The U.S. arrested one person & charged him with helping North Korea use blockchain technology “to evade sanctions & launder money”

Cryptocurrency Expert Charged With Aiding North Korea
Cryptocurrency mining rigs composed of Antminer S9 ASIC machines operate on racks at the HydroMiner GmbH cryptocurrency mining facility near Waidhofen an der Ybbs, Austria. (Photographer: Akos Stiller/Bloomberg)

(Bloomberg) -- The U.S. arrested an Ethereum Foundation cryptocurrency scientist and charged him with helping North Korea use blockchain technology “to evade sanctions and launder money.”

Virgil Griffith, 36, was arrested Thursday at Los Angeles International Airport and charged with conspiring to evade U.S. sanctions against the regime of dictator Kim Jong-un, according to a statement from Manhattan U.S. Attorney Geoffrey Berman. Griffith, a U.S. citizen who lives in Singapore, attended a blockchain and cryptocurrency conference in Pyongyang in April, despite specific State Department warnings.

“Griffith provided highly technical information to North Korea, knowing that this information could be used to help North Korea launder money and evade sanctions,” Berman said in a statement Friday.

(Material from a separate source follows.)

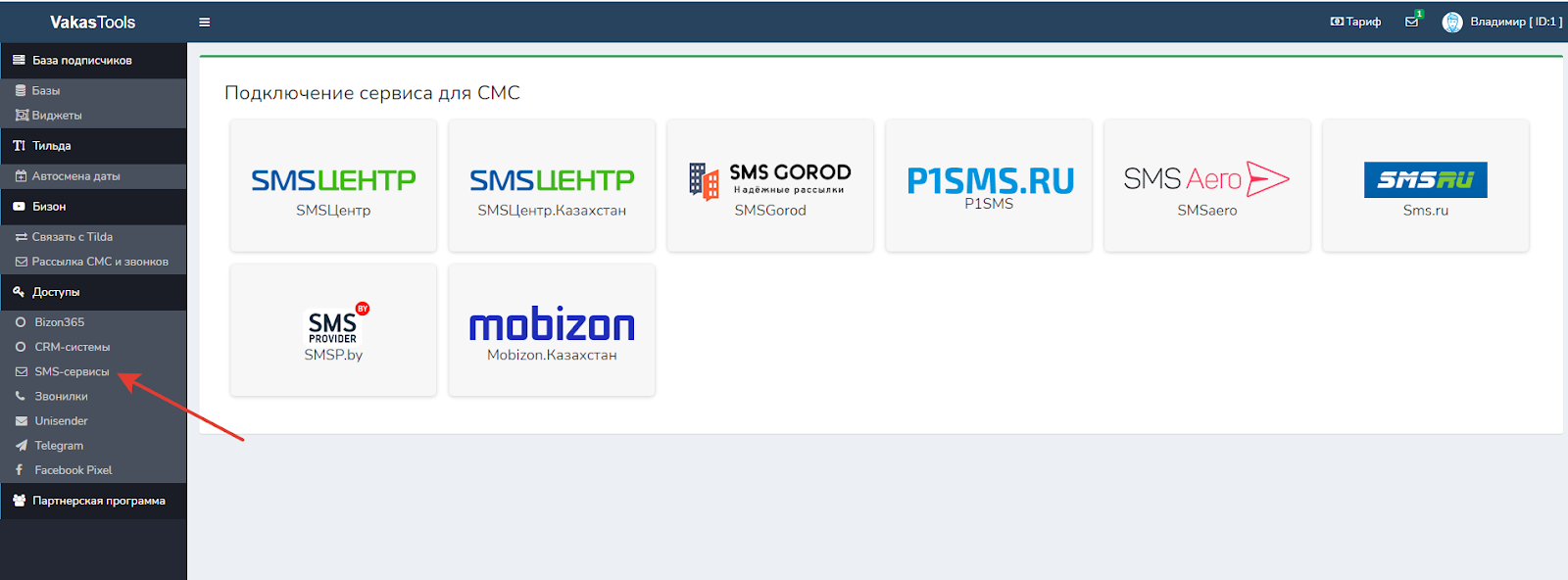 3 Выберите во вкладке «СМС» нужный СМС-сервис из выпадающего списка
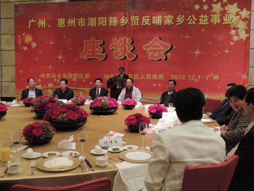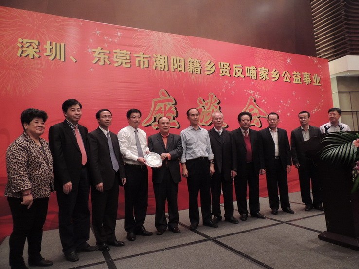 从11月29日到12月1日潮阳区委区政府组织的募捐团队到珠海、深圳、广州开展公益基金募集活动,所到之处都得到各地潮籍老领导和潮商会的鼎力支持, 募捐活动期间,区委书记陈新造等领导还分别拜会珠海潮人海外联谊会、珠海潮人总商会,深圳潮商会和广东潮商会,与广大潮商亲切座谈,共谋家乡发展大计。同时,与各地潮商会互赠纪念品.

He “jeopardized the sanctions that both Congress and the president have enacted to place maximum pressure on North Korea’s dangerous regime.”

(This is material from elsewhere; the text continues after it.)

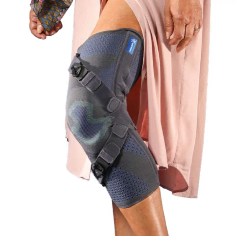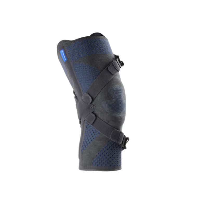 Az ortézis elasztikus, anatómiailag formált kötésből készült, amely fokozza a propriocepciót és enyhe kompresszióval támogatja a térd stabilitását. A merev oldalsín és rugalmas merevítő együttese biztonságos tartást nyújt, miközben a térdkalácsot egy ovális, anatómiai betét stabilizálja.
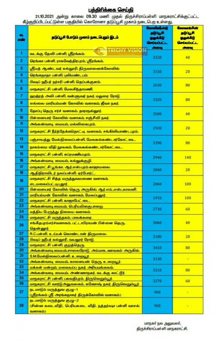 திருச்சி மாநகரில் நாளை (21.10.2021) கோவிசீல்டு, கோவாக்சின் தடுப்பு ஊசிகள் போடப்படும் இடங்களை மாநகராட்சி நிர்வாகம் அறிவித்துள்ளது.

Griffith was the subject of a 2008 New York Times Magazine profile that described him as a “cult hacker” and dubbed him the “Internet Man of Mystery.“ He worked with programmer and activist Aaron Swartz to develop Tor2web, which allows dark-web sites to be viewed on a standard internet browser. On his Linkedin profile, Griffith, a California Institute of Technology Ph.D., says he moved to Singapore in 2015 because he “concluded the best place for new growth” is Asia.

He has tweeted about North Korea a number of times in the past year. On June 29, he opined that emerging multinational standards on cryptocurrency regulations would create “a market opportunity” for the isolated regime to launch an exchange. In August, he tweeted a picture of his visa to visit North Korea.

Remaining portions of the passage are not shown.